▸ **YOUR TASK**
Nothing but an exact reproduction of the records, pictures excluded, should be returned.

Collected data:
================

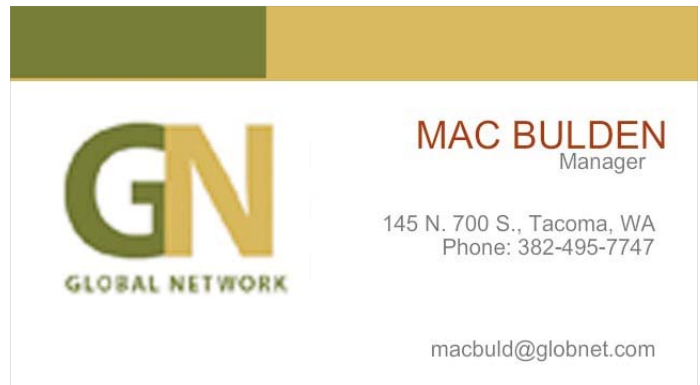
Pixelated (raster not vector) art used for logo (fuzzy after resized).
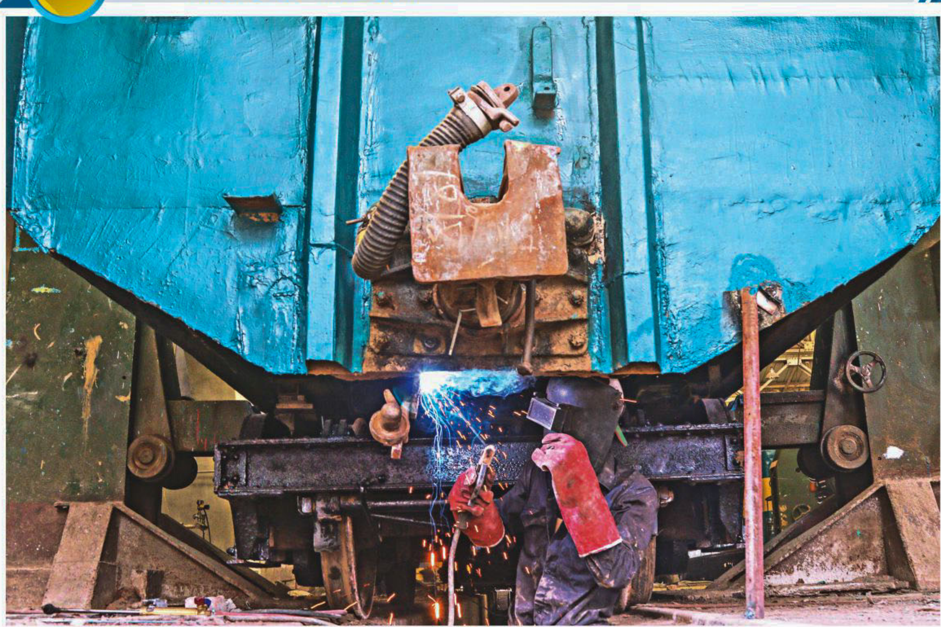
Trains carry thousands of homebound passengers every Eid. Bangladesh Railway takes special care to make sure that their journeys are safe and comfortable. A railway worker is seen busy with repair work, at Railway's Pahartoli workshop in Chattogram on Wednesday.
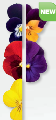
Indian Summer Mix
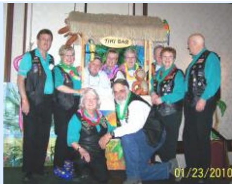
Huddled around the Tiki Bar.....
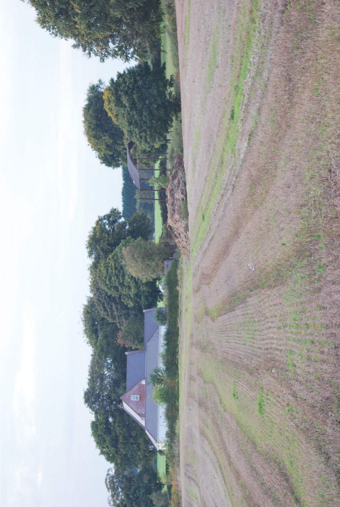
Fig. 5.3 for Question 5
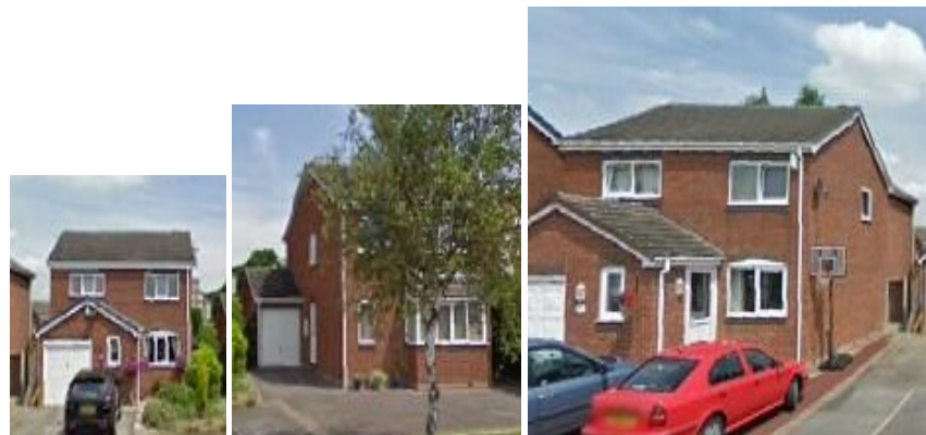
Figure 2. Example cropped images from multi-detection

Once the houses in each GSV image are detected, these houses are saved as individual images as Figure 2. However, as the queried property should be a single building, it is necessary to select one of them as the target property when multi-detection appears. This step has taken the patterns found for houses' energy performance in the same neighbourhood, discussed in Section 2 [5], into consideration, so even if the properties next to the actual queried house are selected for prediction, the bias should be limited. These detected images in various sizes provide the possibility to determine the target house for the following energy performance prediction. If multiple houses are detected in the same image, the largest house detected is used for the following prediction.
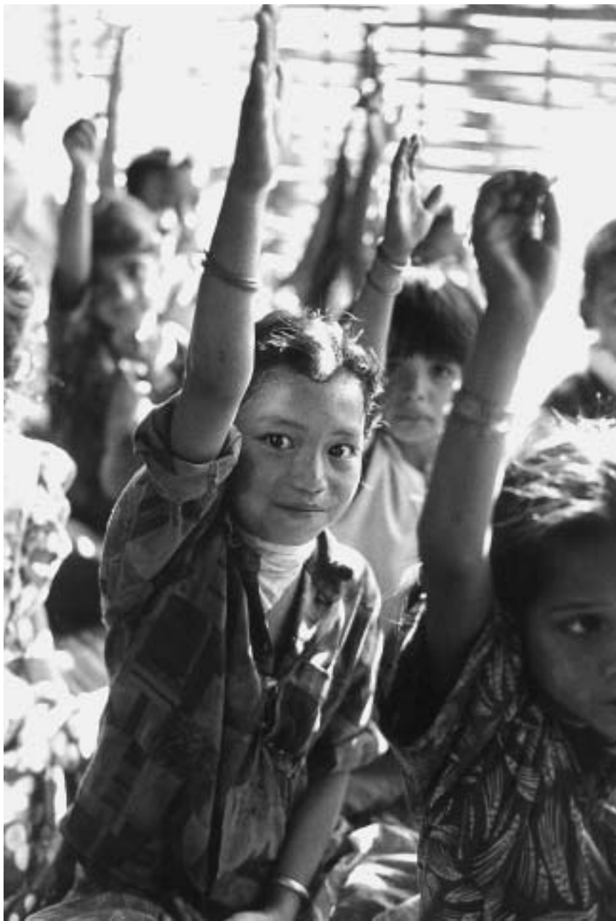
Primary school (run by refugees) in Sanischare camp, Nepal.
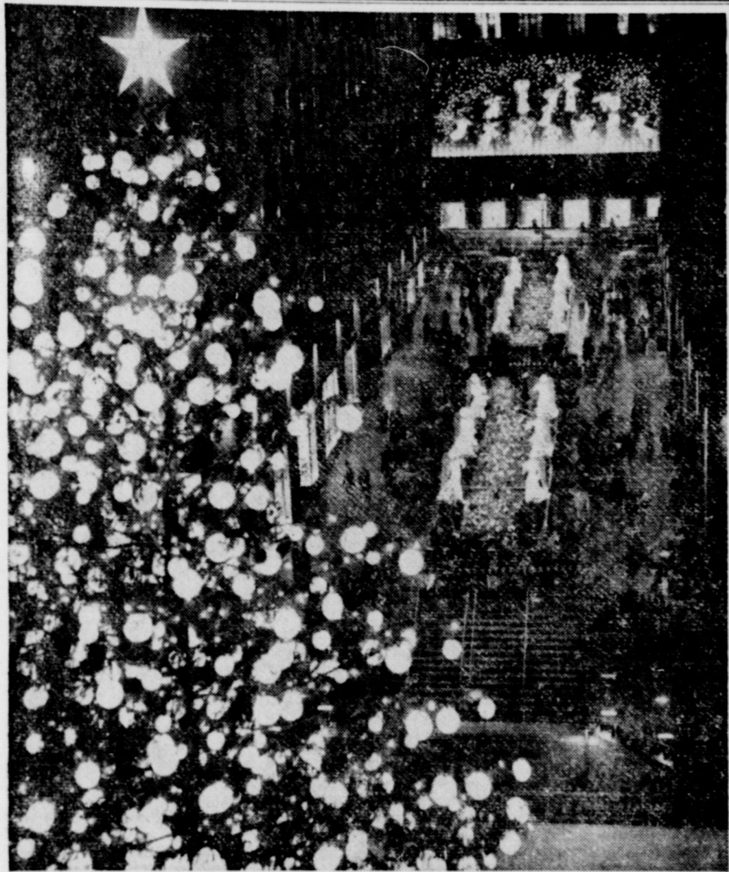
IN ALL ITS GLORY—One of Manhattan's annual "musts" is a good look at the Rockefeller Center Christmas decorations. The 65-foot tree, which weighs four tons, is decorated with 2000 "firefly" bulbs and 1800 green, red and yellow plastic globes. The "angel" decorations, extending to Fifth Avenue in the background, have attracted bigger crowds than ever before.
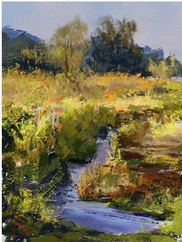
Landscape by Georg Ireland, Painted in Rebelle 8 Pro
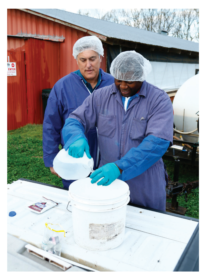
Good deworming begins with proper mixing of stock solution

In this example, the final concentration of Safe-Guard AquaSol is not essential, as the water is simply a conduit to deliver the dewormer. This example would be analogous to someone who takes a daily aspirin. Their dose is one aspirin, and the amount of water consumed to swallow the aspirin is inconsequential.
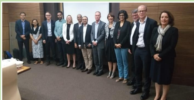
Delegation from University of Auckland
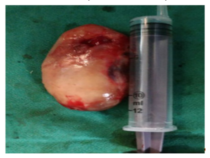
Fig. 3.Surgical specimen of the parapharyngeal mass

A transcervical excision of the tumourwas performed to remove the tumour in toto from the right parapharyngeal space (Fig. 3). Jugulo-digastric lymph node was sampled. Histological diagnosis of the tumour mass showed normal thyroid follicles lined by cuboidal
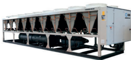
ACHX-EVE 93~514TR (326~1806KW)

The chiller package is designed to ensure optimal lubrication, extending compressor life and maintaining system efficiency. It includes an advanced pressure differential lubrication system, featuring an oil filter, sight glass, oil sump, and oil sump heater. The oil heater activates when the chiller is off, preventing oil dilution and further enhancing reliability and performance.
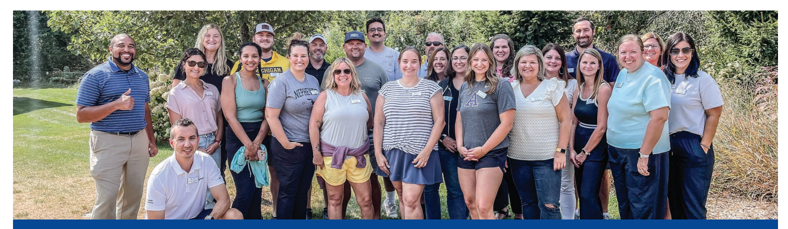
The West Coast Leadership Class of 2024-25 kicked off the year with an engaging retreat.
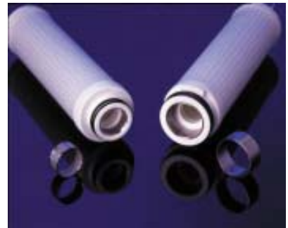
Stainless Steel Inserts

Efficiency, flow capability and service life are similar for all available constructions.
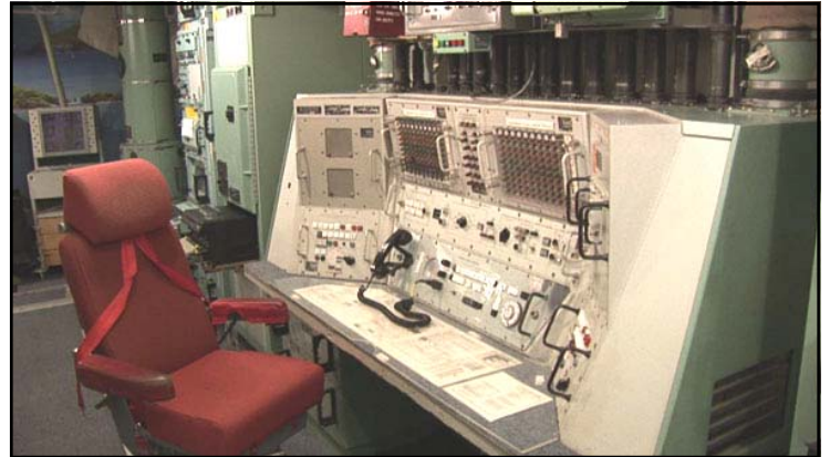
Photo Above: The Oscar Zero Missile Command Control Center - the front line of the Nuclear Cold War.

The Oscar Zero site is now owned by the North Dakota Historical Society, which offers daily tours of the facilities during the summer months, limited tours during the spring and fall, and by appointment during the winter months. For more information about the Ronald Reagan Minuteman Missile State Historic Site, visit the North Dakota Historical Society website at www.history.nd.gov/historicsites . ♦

================

▸ **ANSWER TO THIS TASK**
Pixelated (raster not vector) art used for logo (fuzzy after resized).
Trains carry thousands of homebound passengers every Eid. Bangladesh Railway takes special care to make sure that their journeys are safe and comfortable. A railway worker is seen busy with repair work, at Railway's Pahartoli workshop in Chattogram on Wednesday.
Indian Summer Mix
Huddled around the Tiki Bar.....
Fig. 5.3 for Question 5
Figure 2. Example cropped images from multi-detection

Once the houses in each GSV image are detected, these houses are saved as individual images as Figure 2. However, as the queried property should be a single building, it is necessary to select one of them as the target property when multi-detection appears. This step has taken the patterns found for houses' energy performance in the same neighbourhood, discussed in Section 2 [5], into consideration, so even if the properties next to the actual queried house are selected for prediction, the bias should be limited. These detected images in various sizes provide the possibility to determine the target house for the following energy performance prediction. If multiple houses are detected in the same image, the largest house detected is used for the following prediction.
Primary school (run by refugees) in Sanischare camp, Nepal.
IN ALL ITS GLORY—One of Manhattan's annual "musts" is a good look at the Rockefeller Center Christmas decorations. The 65-foot tree, which weighs four tons, is decorated with 2000 "firefly" bulbs and 1800 green, red and yellow plastic globes. The "angel" decorations, extending to Fifth Avenue in the background, have attracted bigger crowds than ever before.
Landscape by Georg Ireland, Painted in Rebelle 8 Pro
Good deworming begins with proper mixing of stock solution

In this example, the final concentration of Safe-Guard AquaSol is not essential, as the water is simply a conduit to deliver the dewormer. This example would be analogous to someone who takes a daily aspirin. Their dose is one aspirin, and the amount of water consumed to swallow the aspirin is inconsequential.
Delegation from University of Auckland
Fig. 3.Surgical specimen of the parapharyngeal mass

A transcervical excision of the tumourwas performed to remove the tumour in toto from the right parapharyngeal space (Fig. 3). Jugulo-digastric lymph node was sampled. Histological diagnosis of the tumour mass showed normal thyroid follicles lined by cuboidal
ACHX-EVE 93~514TR (326~1806KW)

The chiller package is designed to ensure optimal lubrication, extending compressor life and maintaining system efficiency. It includes an advanced pressure differential lubrication system, featuring an oil filter, sight glass, oil sump, and oil sump heater. The oil heater activates when the chiller is off, preventing oil dilution and further enhancing reliability and performance.
The West Coast Leadership Class of 2024-25 kicked off the year with an engaging retreat.
Stainless Steel Inserts

Efficiency, flow capability and service life are similar for all available constructions.
Photo Above: The Oscar Zero Missile Command Control Center - the front line of the Nuclear Cold War.

The Oscar Zero site is now owned by the North Dakota Historical Society, which offers daily tours of the facilities during the summer months, limited tours during the spring and fall, and by appointment during the winter months. For more information about the Ronald Reagan Minuteman Missile State Historic Site, visit the North Dakota Historical Society website at www.history.nd.gov/historicsites . ♦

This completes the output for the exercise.